My Dear Killer aka Mio Caro Assassino (1972)

The cover to Shameless’ release of My Dear Killer

Film: This film opens with the greatest murder EVER put to celluloid. I kid you not: it has to be the MOST original murder weapon any killer has EVER used in a film, and I will have no argument.

The weapon of choice?

It takes a particular skill set to murder in this fashion

A bucket digger mounted on an earthmover (they call it a dredger in the film, but that is wrong) picks up a guy by his head and squeezes until it pops quicker than a zit in a teens bathroom. My reasoning for claiming its ‘best’ status is twofold: one, the inventiveness of the killer to think ‘Mmmm, opportunity is knocking, why not answer?’ when suddenly deciding to grab the victims head, and his/ her sheer chutzpah to actually use it… I mean, it is hardly stealth, kill-in-an-alley kind of a weapon!! Color me admirable!!
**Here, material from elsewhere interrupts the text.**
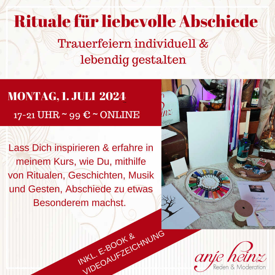 In diesem einzigartigen Seminar erlebst du 4 Stunden voller inspirierender Ideen und kreativer Rituale und Gesten, um Trauerfeiern liebevoll und persönlich zu gestalten.
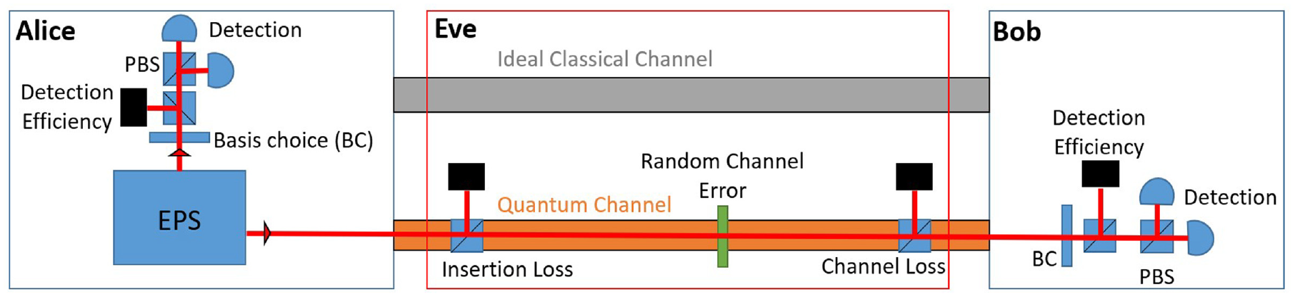 Illustration of an effective optical hardware setup. One photon from each pair is directed to Alice’s detectors and the other is sent through the quantum channel to Bob. BC is the basis choice, e.g., an ideal fast variable waveplate with two settings that chooses the measurement basis for each measurement. All non-polarizing beamsplitters have reflectivity according to the loss they model. Channel loss accounts for the loss per unit length light experiences while propagating in the fiber. All loss at fiber inputs, outputs, and interfaces is combined into a single insertion loss coefficient Λ. Eve is assumed to have maximal information allowed by physics, and thus all errors are attributed to Eve and all information sent through a channel can be measured by Eve.

This film was directed by western/ Trinity Brothers director Tonino Valerii from a script by Roberto Leoni (Santa Sangre) and Franco Bucceri (Gli Esecutori), based on a story by them, along with Velerii himself and Django co-writer José Gutiérrez Maesso (which is nodded to in a scene where Django is played on a TV).

My Dear Killer tells of police investigator Luca Peretti (giallo regular George Hilton) who is assigned to a murder case when an insurance investigator has had his head removed in the aforementioned murder. As the layers of the murder unfold though, he finds himself caught up in an older investigation which involved the kidnap and death of a young girl. Of course as the investigation gets deeper, the bodies start piling up, but can Peretti figure out who the killer is with the unusual clues he has?
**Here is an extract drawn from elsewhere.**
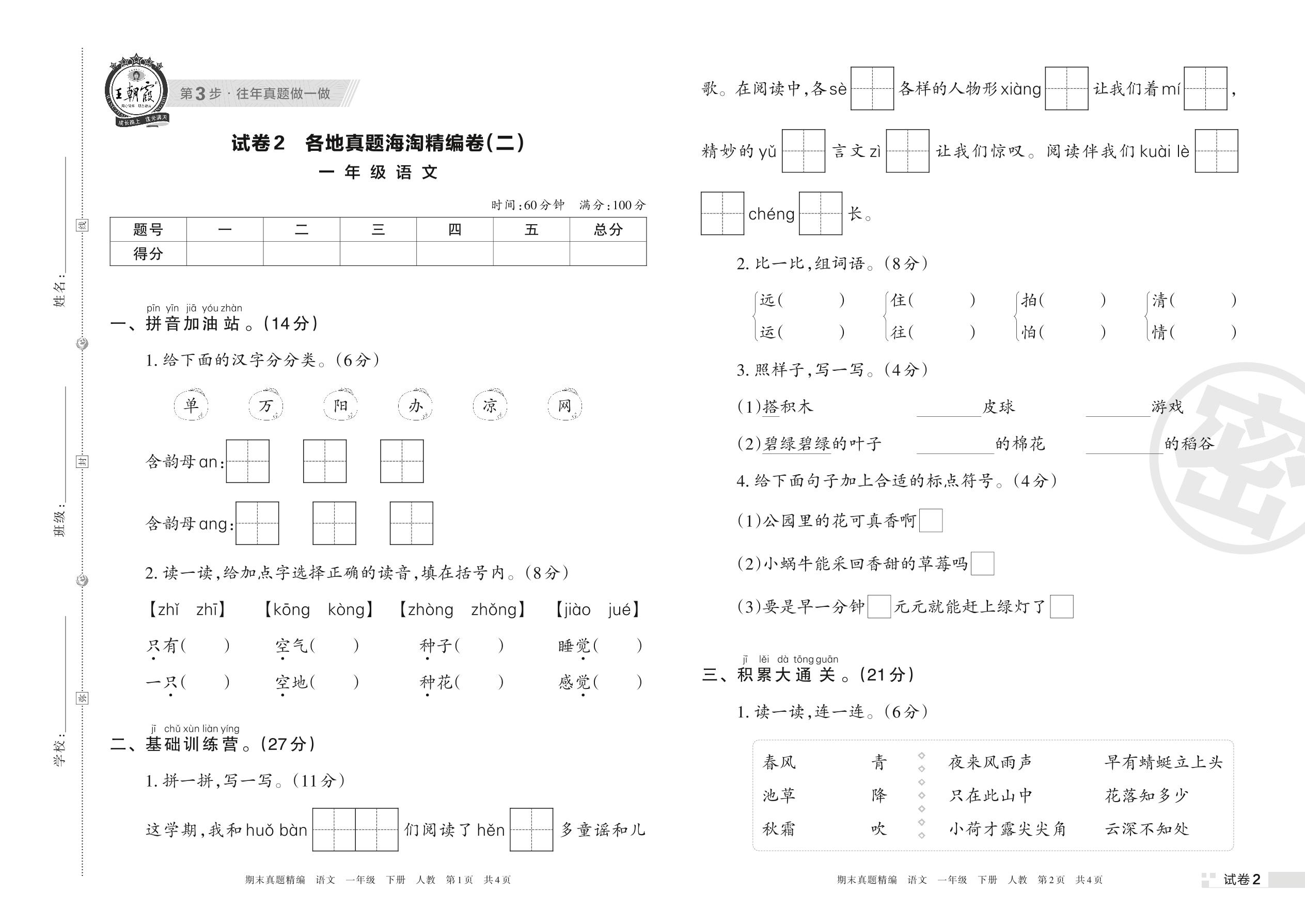 各地真题海淘精编卷(二)一年级下册语文(人教版)_R220411170431954【2】

Giallo killers are always perverts too

As a fan of giallos I looked forward to seeing this, especially as its male lead was in other giallos such as The Strange Vice of Mrs Wardh and All The Colors of the Dark, and was much more than pleasantly surprised. Even though the story is quite detailed, it never becomes a victim of its own cleverness, nor does it becomes convoluted as some giallos do. The investigation goes from a to b without any longshot hunches that these films can sometimes contain.

There is some well played violence in the film as well, though somewhat silly at times (the killer sits and chats with one victim before searching her house, whilst she quizzically watches, for something to kill her with, and finds a circular saw!! This guy is clearly a disorganised serial killer to not have a weapon handy) and being an Italian film of its era, some stunningly gorgeous cast members.

I should also point out that this Shameless release is the first time it has been released uncut, which should add to the joy to those who like the bloodier side of things.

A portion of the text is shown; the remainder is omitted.